We use this site for planning walks .
Ordnance Survey Maps - National Library of Scotland Derelict buildings are picked up from there.


----------



## krela (Dec 3, 2017)

We do not host images, it would be very expensive. Every forum on the internet has suffered at the hands of photobucket. 

The original workers scribblings in Box/Brown's/MF are the best bits. You can just imagine them doodling as they eat their lunch. 

A major part of the recent problem has been local people's gardens being invaded by people looking for the entrances. I think between that and the rising number of rescues, Hanson got fed up with all the complaints. Such fuckwittery ruining it for people who do have respect.


----------



## Vurley (Dec 3, 2017)

Settled down again.













Demonstrating the vertical cut. The top section has been cut with a pick.





Dry stone wall and props. The roof is the underside of a much harder rock than the " Freestone ". Being a horizontal bedding it could easily be supported.





Saw sharpening bench.





Crane and mine debris.





" The Robots " . All now vandalized.





Trimmed stone that never came out.In the ground this is relatively soft and was cut by hand. It had to cure and harden on the surface before use in building.





Miner's tally marks.





Named graffiti.





I spent many years learning all of the routes in Box Mine.It was a magical place 40 years ago but then the idiots with their spray paint and lack of route knowledge began ruining it all.To be honest the place should have had controlled access years ago but so many people think that they have a divine right to go anywhere. Many of our Mendip Caves are locked to conserve the delicate formations.Anyone interested in that sort of thing can look here at my Flickr site.

https://www.flickr.com/photos/[email protected]/

Rather too many perhaps to view. Anyway I digress. I rather think it's me becoming derelict nowadays.


----------



## krela (Dec 3, 2017)

First string, then paint, then glowsticks, the evolution of the clueless ways people try and find their way around. 

The robots have been rebuilt at least 4 times that I can think of over the past 25 years (not quite your 40 years).

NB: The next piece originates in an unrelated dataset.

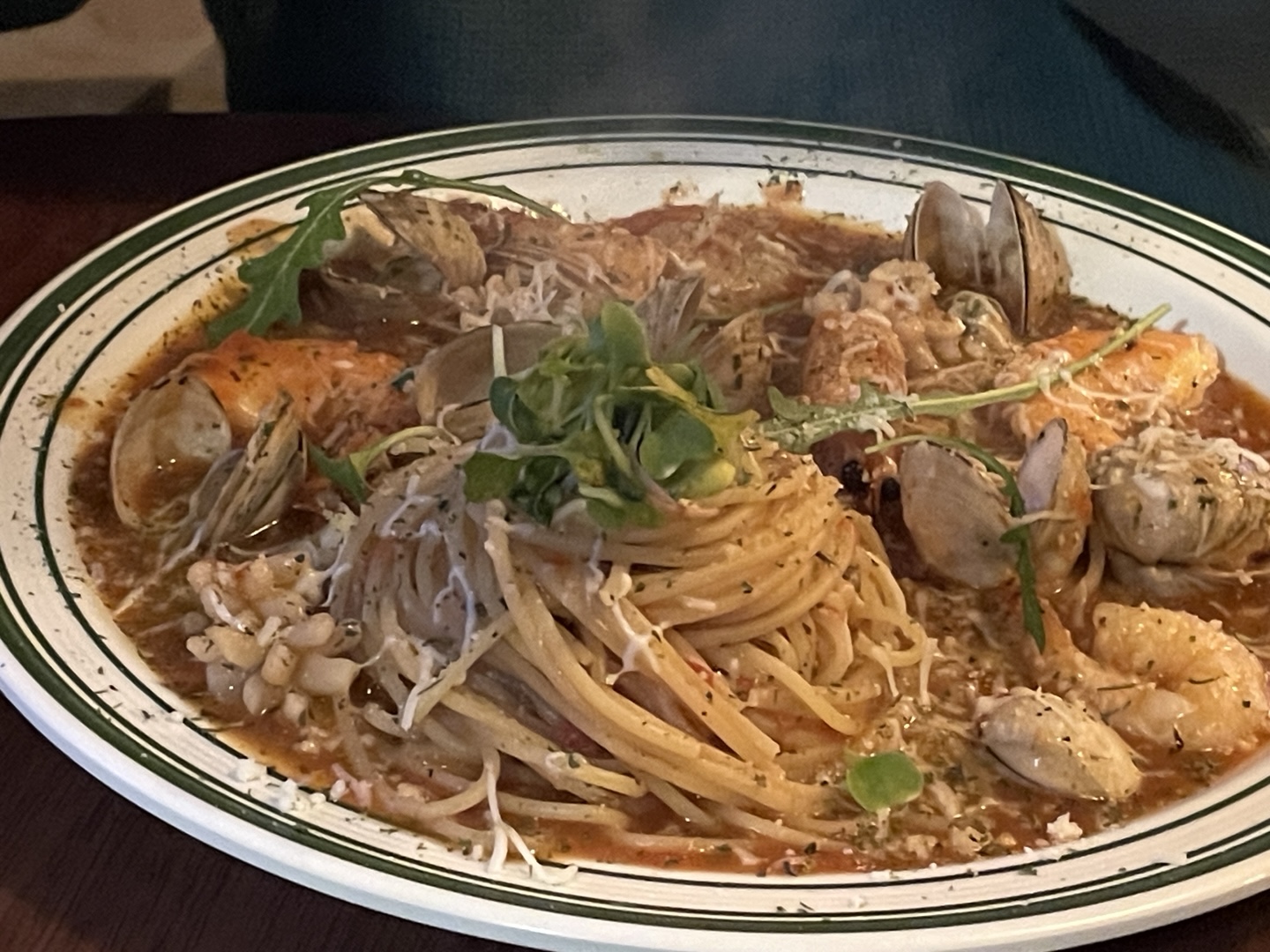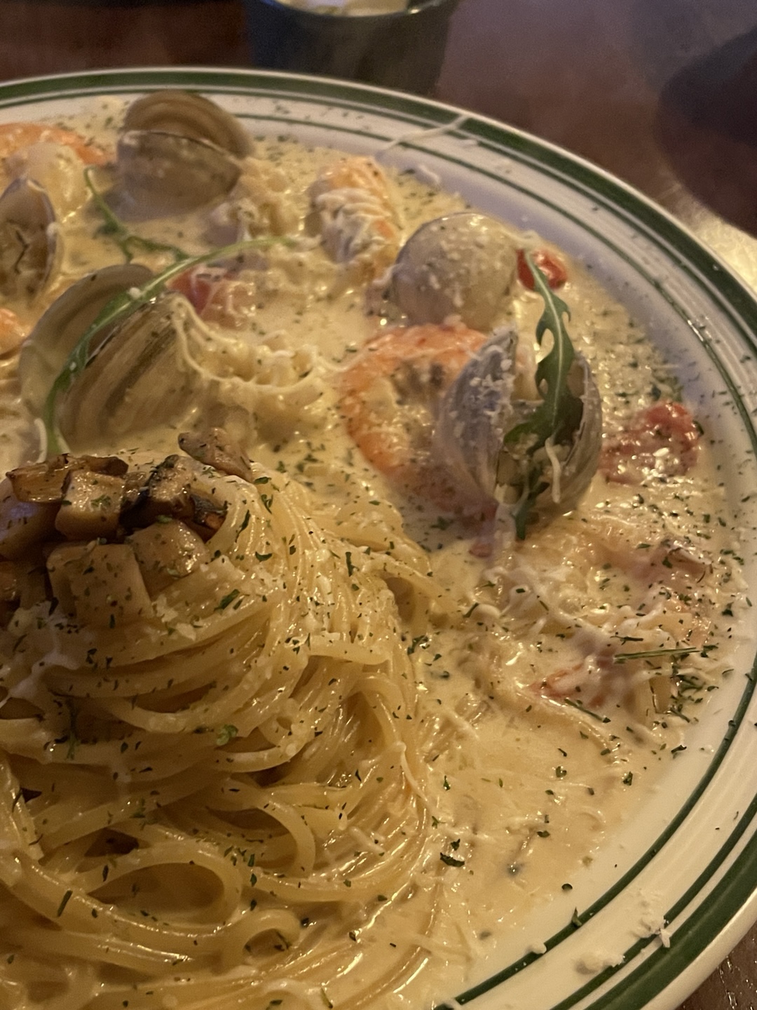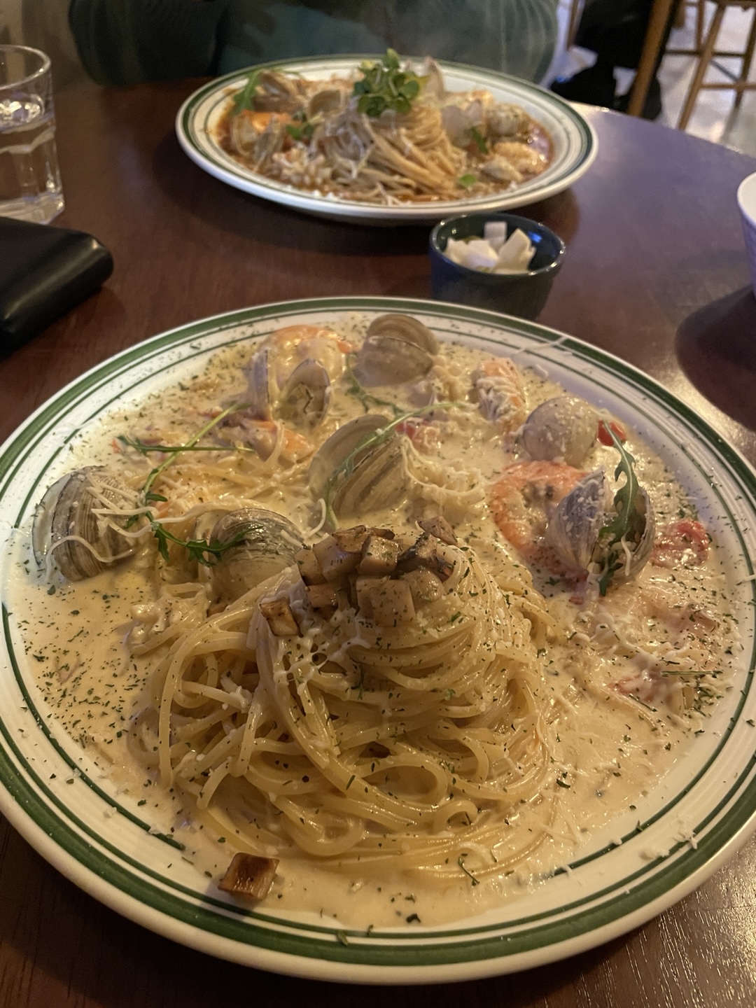 해산물 크림 파스타는 정말 꾸덕하면서 크리미해서 딱 한국인들이 좋아하는 크림 파스타의 맛이었어요! 해산물도 신선하고 양도 많았습니다. 그리고 해산물 토마토 파스타는 깔끔하면서 해산물도 많아서 간이 딱 좋았습니다 :)

Growing up on the East side of Bath wasn't a bad thing...


----------



## Brewtal (Dec 3, 2017)

That is another great post for you, really enjoyed that. Always fancied seeing this one but I’ve got bugger all experience of mines so didn’t want to be another statistic of fuckwittery as krela put it so eloquently. I’m happy seeing other people’s pics haha! Top stuff mate, thanks for sharing.


----------



## BikinGlynn (Dec 3, 2017)

Great to see virley, I seemed to miss all the good stuff down there!
Not been long back from Browns though, thoroughly enjoyed it down there!


----------



## King Al (Dec 3, 2017)

Great pics Vurley, always good to see those cranes!


----------



## oldscrote (Dec 3, 2017)

Moved from Sheppey to Wiltshire and spent many a happy hour down the local stone mines,The picture of the 2 guys facing each other is one of quite a few down there showing men boxing,we never found any similar pictures in any of the other mines.Haven't been down for many a year due to failing health so it's always good to see images from here.I didn't know that the place had been gated ,a real shame but as Krela says it's the curse of fuckwittery.......


----------



## cogito (Dec 4, 2017)

Good set of images, thanks for sharing!


----------



## SlimJim (Dec 4, 2017)

Sweet old skool pics!

It's a kick in the bollocks it got sealed. I fancied doing it at some point on my return to the UK. Man, dog and iphone types generally ruin it for everyone in the end. If not them, then entitled caving folk who look down on us explorers. Just look at all the crap with Brown's and the WCMS too - some of which nearly ended in a few people getting a shoeing. I don't think it'll stay sealed forever though. For some reason sealing mines in particular only serves as an even greater incentive for someone to bust them open.


----------



## prettyvacant71 (Dec 8, 2017)

Sheeeet your an organised bunch Very interesting photographs! 
It must feel rather surreal viewing them old drawings for the first time, do you ever find any new ones, well old ones, you know what I mean...drawings that haven't been recorded before?


----------



## Vurley (Dec 8, 2017)

Doubtful if any original drawings remain to be found as they were carefully recorded many years ago and all of the mine is surveyed.In saying that some areas remain concealed behind deads so you never know. Later years saw loads of route markings but most now lead to buried entrances so " Out " might not lead out.The current stuff is the horrible spray paint which has spoiled many areas.


----------



## Explore-With-AZ (Dec 25, 2017)

what a shame my mum lives near box could of done a double visit


----------



## khurbanx (Mar 16, 2021)

These mines are brilliant , I explored them last year back in October! But a little bired told me who live close by is that they now sealed them up properly


----------